Average house purchase deposits reached a 14 month high in December, according to the National Mortgage Index from Mortgage Advice Bureau – the UK’s best-known broker brand.

Tighter affordability criteria have fuelled the rise by keeping borrowing in check. But the December figures also suggest George Osborne’s December stamp duty reform has helped some buyers by freeing up extra funds for a deposit: allowing them to take on a greater share of the cost of buying a home.

The typical mortgage applicant’s deposit in December was worth 30.7% of their house purchase price. This is the highest level of deposit recorded since October 2013 when the average was 30.9%.

The same month (October 2013) saw the Help to Buy mortgage guarantee launch, encouraging more lending to people – typically first time buyers – with deposits of just 5%. The average deposit for purchase mortgage applications across the market subsequently dipped as low as 28.2% in March 2014 as more lenders joined the scheme and others launched competing high loan to value (LTV) deals.

Since then, stricter loan criteria under the Mortgage Market Review (MMR) rules have reversed the trend, to such an extent that there have only been two months (September and October 2013) in the last two years where homebuyers contributed more funds towards a house purchase than December’s average 30.7% deposit.

However, the stamp duty changes have handed some advantage back to buyers by providing them with more available funds. December’s average purchase price of £231,487 would only qualify for a £185.13 stamp duty reduction under the new system. But anyone buying a house worth £250,001 paid almost £5,000 (£4,999.98) less since 4 December compared with the old ‘slab’ system.

Average deposits in December were £2,249 (3%) higher than in November at £71,078. This monthly average and rate of increase was the highest seen since May 2014: the first full month where the market operated under the MMR rules.

Brian Murphy, head of lending at Mortgage Advice Bureau, commented:

“December’s stamp duty announcement was an early Christmas present for many aspiring buyers. Having extra funds to put towards a deposit can not only help to limit borrowing commitments and give people more bargaining power. It can also allow access to better mortgage deals at lower LTVs, either at the point of purchase or when it comes to remortgaging at a later date.”

“We are yet to see the extent that stamp duty savings are mirrored in higher asking prices, but after a period where credit conditions were squeezed by the new mortgage rules, this fairer tax regime has certainly fuelled buyer optimism about their purchase prospects for 2015.”
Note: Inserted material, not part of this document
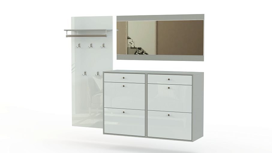 Прихожая Техно 11 BMS воплощает достоинства минимализма в элегантной модульной композиции. Подвесная конструкция входящих в комплект предметов визуально облегчает интерьер, а глянцевые, отражающие свет поверхности, подчеркивают иллюзию парящей мебели. В комплект входят открытая вешалка с полкой под головные уборы и штангой, дополненная выдвижными ящиками для мелочей тумба и панно с большим горизонтальным зеркалом. Купить прихожую Техно 11 BMS и оборудовать комфортную и эстетичную входную зону вам поможет наш интернет-магазин.

Buyers in the South East benefit most from stamp duty changes

Comparing the average cost of house purchase applications across the country in December, the South East is the region where buyers stood to benefit most from the changes in stamp duty. Under the new system, the typical buyers in the region will save £3,870.50 in stamp duty: 4% of the cost of their deposit.

While London’s typical buyer stood to make a greater saving (£4,593.10) under the new stamp duty system, higher property prices in this region mean this saving is less (just 2%) as a proportion of their deposit.
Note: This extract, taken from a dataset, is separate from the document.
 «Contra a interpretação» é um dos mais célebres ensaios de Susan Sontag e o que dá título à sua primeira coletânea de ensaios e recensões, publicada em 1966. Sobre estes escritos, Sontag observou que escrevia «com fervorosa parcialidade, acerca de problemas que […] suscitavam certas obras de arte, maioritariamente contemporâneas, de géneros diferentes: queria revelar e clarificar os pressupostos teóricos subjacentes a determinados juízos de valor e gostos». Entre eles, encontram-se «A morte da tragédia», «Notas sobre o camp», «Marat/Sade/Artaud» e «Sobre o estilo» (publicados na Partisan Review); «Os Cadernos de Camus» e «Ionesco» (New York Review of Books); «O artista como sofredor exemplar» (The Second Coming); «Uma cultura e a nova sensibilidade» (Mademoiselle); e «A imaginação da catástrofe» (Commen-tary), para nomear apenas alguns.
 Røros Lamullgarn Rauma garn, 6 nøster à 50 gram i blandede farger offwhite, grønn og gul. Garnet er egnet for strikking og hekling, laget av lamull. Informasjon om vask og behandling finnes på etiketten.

The average stamp duty saving across regions in December was equivalent to £1,376.11, or £1,054.41 excluding London. In all but two regions (the West Midlands and Wales), the typical buyer stood to save more than £500 under the new system.
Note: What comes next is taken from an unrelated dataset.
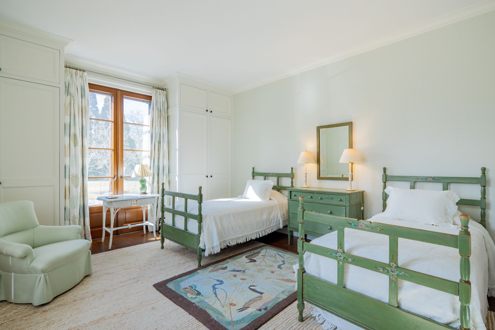 Spend any 2 weeks in this spacious 6 bedroom designer built house on 1.35 acres with large backyard, heated pool, spa and beautifully landscaped gardens. There are tall ceilings on both floors, flooding the house with light, and all first floor rooms have french doors opening out onto the back terrace for easy indoor/outdoor living. On the first floor is a large entry foyer, living room, dining room, kitchen and family room as well as a primar

The stamp duty changes also helped to keep mortgage applications buoyant in December, despite the traditional seasonal slowdown. Total applications fell by 28% from November, but were still up by more than a quarter (26%) year-on-year.

Brian Murphy, head of lending at Mortgage Advice Bureau, commented:

“The mortgage market has come through a potentially turbulent year intact with good growth prospects for 2015. However, the shift in lending criteria has had a noticeable effect on the shape of the market, particularly at the margins where affordability is most stretched.”

“The changes mean the market can grow on a surer footing, and we now have a more sensible approach to stamp duty in place. However, there are still regional pressures and we mustn’t forget the vital support needed by less affluent buyers. Many can still reasonably afford to support a loan even if they have a smaller deposit, so it is encouraging to see a steady stream of new products appearing since the turn of the year.”

“It’s likely that we’ll see a further adjustment in 2015 as lenders get more comfortable operating under the MMR and continue offering prudent loans to a broad range of consumers.”